Dataset excerpts -
.....

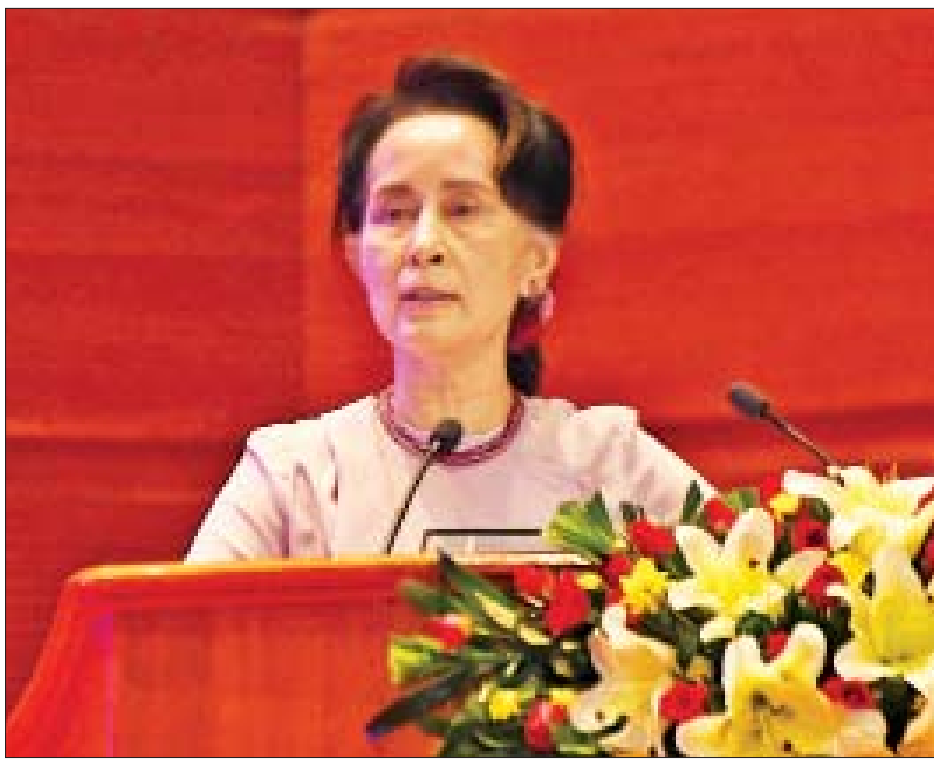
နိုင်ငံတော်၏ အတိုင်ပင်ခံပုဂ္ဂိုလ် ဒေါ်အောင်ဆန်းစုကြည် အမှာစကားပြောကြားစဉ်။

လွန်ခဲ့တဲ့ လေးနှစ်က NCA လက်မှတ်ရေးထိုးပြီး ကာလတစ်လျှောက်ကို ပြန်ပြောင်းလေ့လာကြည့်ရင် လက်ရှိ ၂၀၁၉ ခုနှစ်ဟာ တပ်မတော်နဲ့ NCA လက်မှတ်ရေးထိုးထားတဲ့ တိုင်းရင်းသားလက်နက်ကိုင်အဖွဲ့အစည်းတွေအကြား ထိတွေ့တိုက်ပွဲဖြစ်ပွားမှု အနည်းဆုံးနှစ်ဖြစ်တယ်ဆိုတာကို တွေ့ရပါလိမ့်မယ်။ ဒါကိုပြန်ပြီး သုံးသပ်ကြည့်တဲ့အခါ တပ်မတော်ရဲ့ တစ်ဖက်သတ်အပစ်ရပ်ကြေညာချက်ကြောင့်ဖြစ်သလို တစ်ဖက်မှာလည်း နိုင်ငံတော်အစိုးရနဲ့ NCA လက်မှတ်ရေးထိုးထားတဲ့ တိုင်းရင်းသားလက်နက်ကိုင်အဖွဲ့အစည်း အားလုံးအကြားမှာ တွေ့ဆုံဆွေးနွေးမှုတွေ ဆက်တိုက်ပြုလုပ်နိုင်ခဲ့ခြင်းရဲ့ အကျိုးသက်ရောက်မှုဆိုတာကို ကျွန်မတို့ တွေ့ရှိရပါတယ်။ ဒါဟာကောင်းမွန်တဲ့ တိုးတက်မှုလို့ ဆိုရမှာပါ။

.....

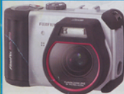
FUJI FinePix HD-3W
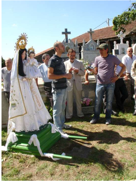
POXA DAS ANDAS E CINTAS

.....

Work to be completed -
Output exactly one stretch of the listing: from the line containing "နိုင်ငံတော်၏ အတိုင်ပင်ခံပုဂ္ဂိုလ် ဒေါ်အောင်ဆန်းစုကြည်" through the line containing "လွန်ခဲ့တဲ့ လေးနှစ်က NCA", both end lines included.

Your response -
နိုင်ငံတော်၏ အတိုင်ပင်ခံပုဂ္ဂိုလ် ဒေါ်အောင်ဆန်းစုကြည် အမှာစကားပြောကြားစဉ်။

လွန်ခဲ့တဲ့ လေးနှစ်က NCA လက်မှတ်ရေးထိုးပြီး ကာလတစ်လျှောက်ကို ပြန်ပြောင်းလေ့လာကြည့်ရင် လက်ရှိ ၂၀၁၉ ခုနှစ်ဟာ တပ်မတော်နဲ့ NCA လက်မှတ်ရေးထိုးထားတဲ့ တိုင်းရင်းသားလက်နက်ကိုင်အဖွဲ့အစည်းတွေအကြား ထိတွေ့တိုက်ပွဲဖြစ်ပွားမှု အနည်းဆုံးနှစ်ဖြစ်တယ်ဆိုတာကို တွေ့ရပါလိမ့်မယ်။ ဒါကိုပြန်ပြီး သုံးသပ်ကြည့်တဲ့အခါ တပ်မတော်ရဲ့ တစ်ဖက်သတ်အပစ်ရပ်ကြေညာချက်ကြောင့်ဖြစ်သလို တစ်ဖက်မှာလည်း နိုင်ငံတော်အစိုးရနဲ့ NCA လက်မှတ်ရေးထိုးထားတဲ့ တိုင်းရင်းသားလက်နက်ကိုင်အဖွဲ့အစည်း အားလုံးအကြားမှာ တွေ့ဆုံဆွေးနွေးမှုတွေ ဆက်တိုက်ပြုလုပ်နိုင်ခဲ့ခြင်းရဲ့ အကျိုးသက်ရောက်မှုဆိုတာကို ကျွန်မတို့ တွေ့ရှိရပါတယ်။ ဒါဟာကောင်းမွန်တဲ့ တိုးတက်မှုလို့ ဆိုရမှာပါ။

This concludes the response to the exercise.